1° La parole. — Quand Dieu, pour exclure plus sûrement de son peuple les devins, Deut., xviii, 9-14, promit de susciter en Israël une série de prophètes, semblables à Moïse, il déclara qu’il placerait ses propres paroles dans leur bouche et qu’ils diraient tout ce qu’il leur ordonnerait de dire. Comme Moïse au Sinaï servit d’intermédiaire entre Jéhovah et son peuple, sur la demande de ce dernier qui craignait d’entendre directement la voix de Dieu, Exod., xx, 21, ainsi les prophètes parleront au nom du Seigneur au peuple, qui devra écouter leurs paroles. Deut., xviii, 15-19. Les prophètes entendirent donc parfois la parole articulée par Dieu lui-même, comme il arriva à Moïse au buisson ardent, Exod., iii, 4-22, et au Sinaï. Samuel entendit à Silo la voix divine qui l’appelait, I Sam., m, 4-14, et Dieu parlait à son oreille. I Sam., ix, 1517.. Cf. I(III)Reg., xvii, 2, 8 ; xviii, l ; xxii, 17 ; Amos, iii, 7 ; Ose., i, 2, 4, 6 ; iii, 1 ; Is., xviii, 4 ; Jer., ii, 1 ; xxiii, 28 ; Dan., viii, 1-27 ; x, 1, 5 ; Agg., ii, 1, 21 ; Zach., i, 1, 7. Il s’établissait parfois un véritable dialogue entre Dieu et le voyant, ainsi avec Élie, I (III) Reg., xix, 9-18, et avec Jérémie. Jer., xiv, 11-14. Mais le plus souvent, semble-t-il, les prophètes n’entendaient qu’une voix intérieure. Job, iv, 12, 16. C’est ainsi qu’on peut expliquer les révélations faites aux oreilles des prophètes. Is., xxi, 10 ; xxii, 14 ; xxviii, 22 ; Abdias, i, 1. Ils transmettaient de vive voix ou par écrit les paroles qu’ils avaient entendues au fond de leurs cœurs. Aussi leurs oracles prenaient-ils le nom de paroles de Dieu, Amos, ni, 1, et plusieurs recueils ont pour titre : « Paroles que Dieu a dites par le prophète. » Ose., i, 1 ; Joël., i, 1 ; Soph., i, 1 ; Jer., i, 1, 2.

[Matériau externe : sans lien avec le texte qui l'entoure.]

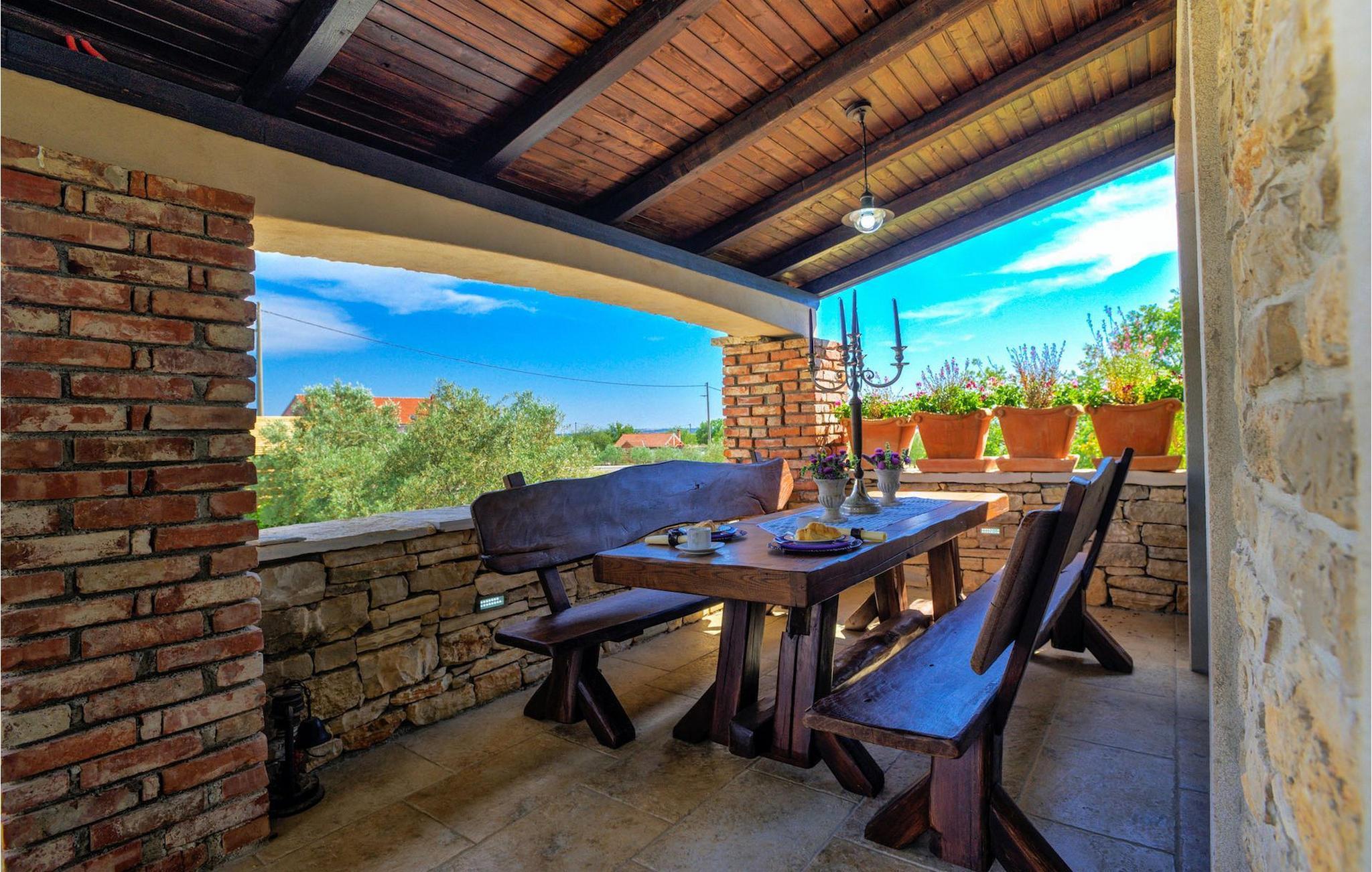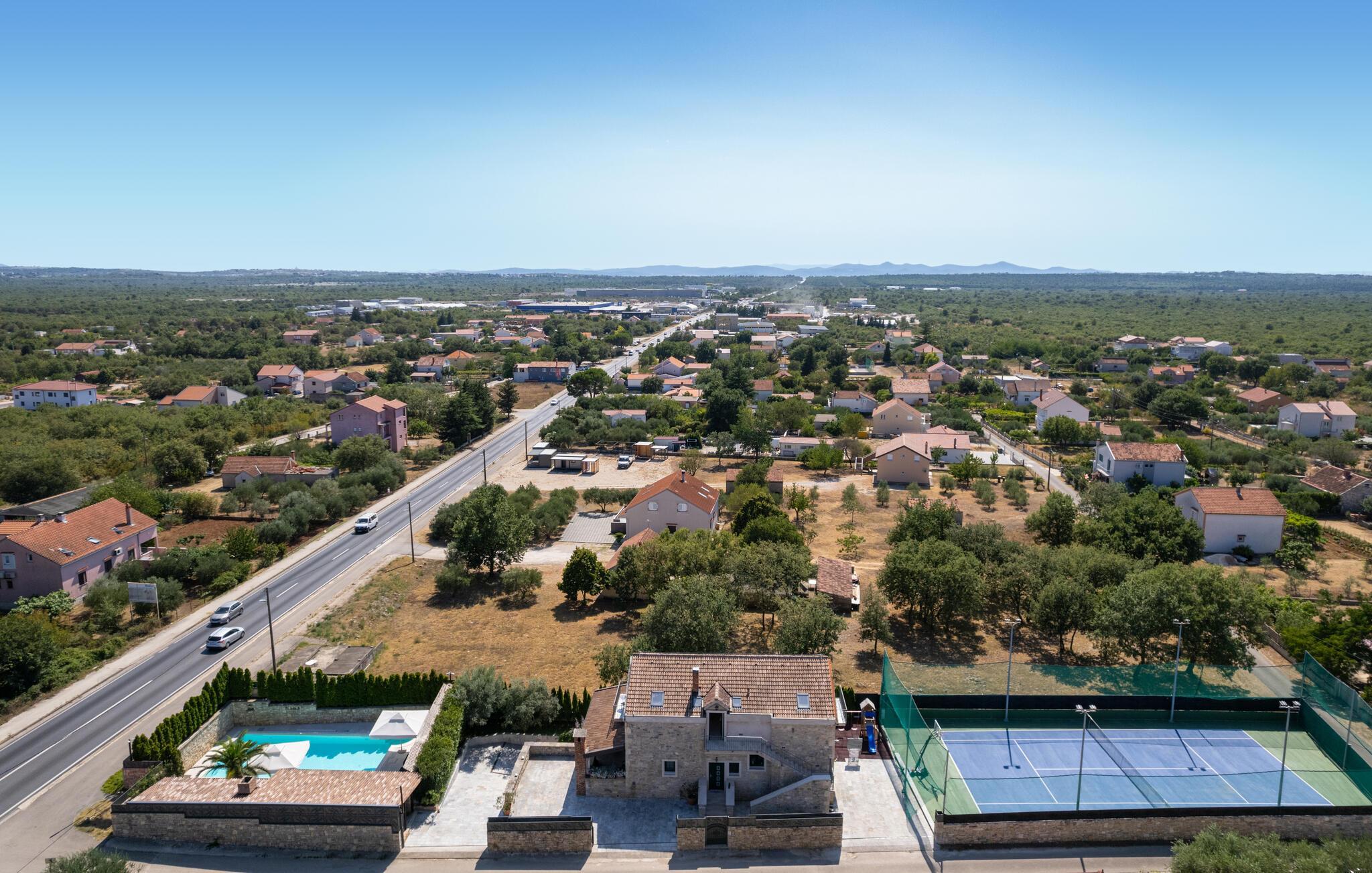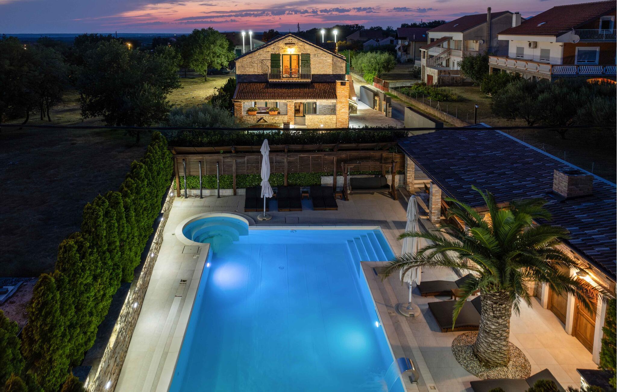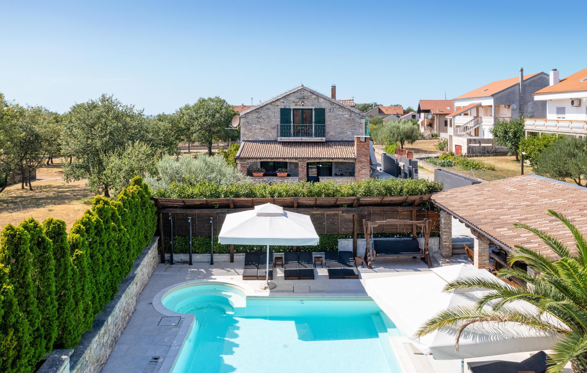 Villa Culina er en smuk villa, som er perfekt til store grupper: Villaen kan rumme op til 14 personer i tre lejligheder. Placeringen af ??villaen er perfekt for dem, der ønsker at udforske byen Zadar. Byen Zadar ligger kun en kort køretur fra villaen. Der er en smuk, stor pool udenfor, hvor I kan forfriske jer eller svømme. Det indendørs område byder på nok sjov, så ingen keder sig - fuldt udstyret fitnesscenter, hvor I kan forbrænde kalorier med lækre Konoba-specialiteter. I Konoba er der en brændeovn til rådighed, som er ideel til hjemmebagt brød, men også til den lækre Peka eller tilberedning af forskellige kødretter. Villaen har i alt tre lejligheder. En treværelses lejlighed ligger i stueetagen. Yderligere to lejligheder er på første sal - den ene har to soveværelser og den anden lejlighed har et soveværelse. Villaen har Wi-Fi, har aircondition og byder på alt til en perfekt ferie med familien.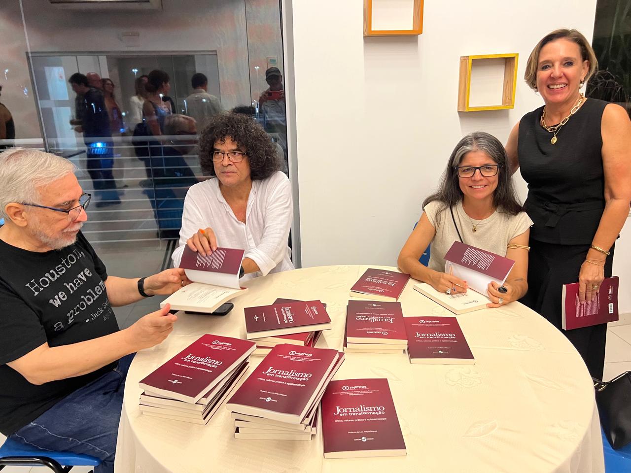 O evento marcou o lançamento do livro “Jornalismo em Transformação crítica valores prática e epistemologia”, uma obra coletiva que reúne 60 textos assinados por 31 profissionais da comunicação. A publicação foi organizada pelos pesquisadores do objETHOS Andressa Oliveira, Cesar Valente, Ricardo Fiegenbaum, Samuel Pantoja Lima e Vanessa Pedro, com prefácio do jornalista e professor da Universidade de Brasília, Luis Felipe Miguel, e edição da Editora Insular.

2° La vision. — Les mentions de visions sont nombreuses dans les écrits des prophètes. Amos a eu cinq visions, groupées à la fin de son livre, vii, l-ix, 15. Isaïe reçoit la mission prophétique dans une vision, vi. Il voit un oracle, xiir, 1. Jérémie, peu après sa vocation, a deux visions, i, 11-19. Zacharie a une série de visions, i, 8, 18 ; ii, 1 ; iii, 1 ; iv, 1 ; v, 1, 5 ; vi, 1. Ézéchiel aussi en a fréquemment, i, 4 ; ii, 1 ; viii, 2 ; x, 1, 9, etc. Plusieurs livres prophétiques sont intitulés : « Vision ». Is., i ; Abdias, I, 1 ; Nahum, i, 1. Quelques-unes de ces visions étaient extérieures, Dan., v, 25, et corporelles et formaient de véritables apparitions. Dan., viii, 16-27. Mais le plus souvent, elles se produisaient dans l’imagination du voyant. Dieu avait annoncé à Aaron et à Marie qu’elles auraient lieu per senigmata et figuras. Num., xii, 8. On a remarqué qu’elles se présentaient sous des traits connus du prophète et empruntés au milieu où il vivait. Les images de ces visions sont ou palestiniennes ou assyriennes ou babyloniennes, selon que le voyant habitait la Palestine, i’Assyrie ou la Babylonie. Elles avaient lieu à l’état de veille (autrement, elles auraient été des songes) ou le jour ou la nuit. Dieu parle à Samuel de nuit. 1 Sam., iii, 3, 10 ; vii, 4 ; xv, 11, 16 ; Zach., i, 8 ; Job, iv, 13. Si le voyant était endormi, Dieu le tirait de son sommeil, ou d’un état semblable au sommeil. Jer., xxxi, 26 ; Zach., iv, 1.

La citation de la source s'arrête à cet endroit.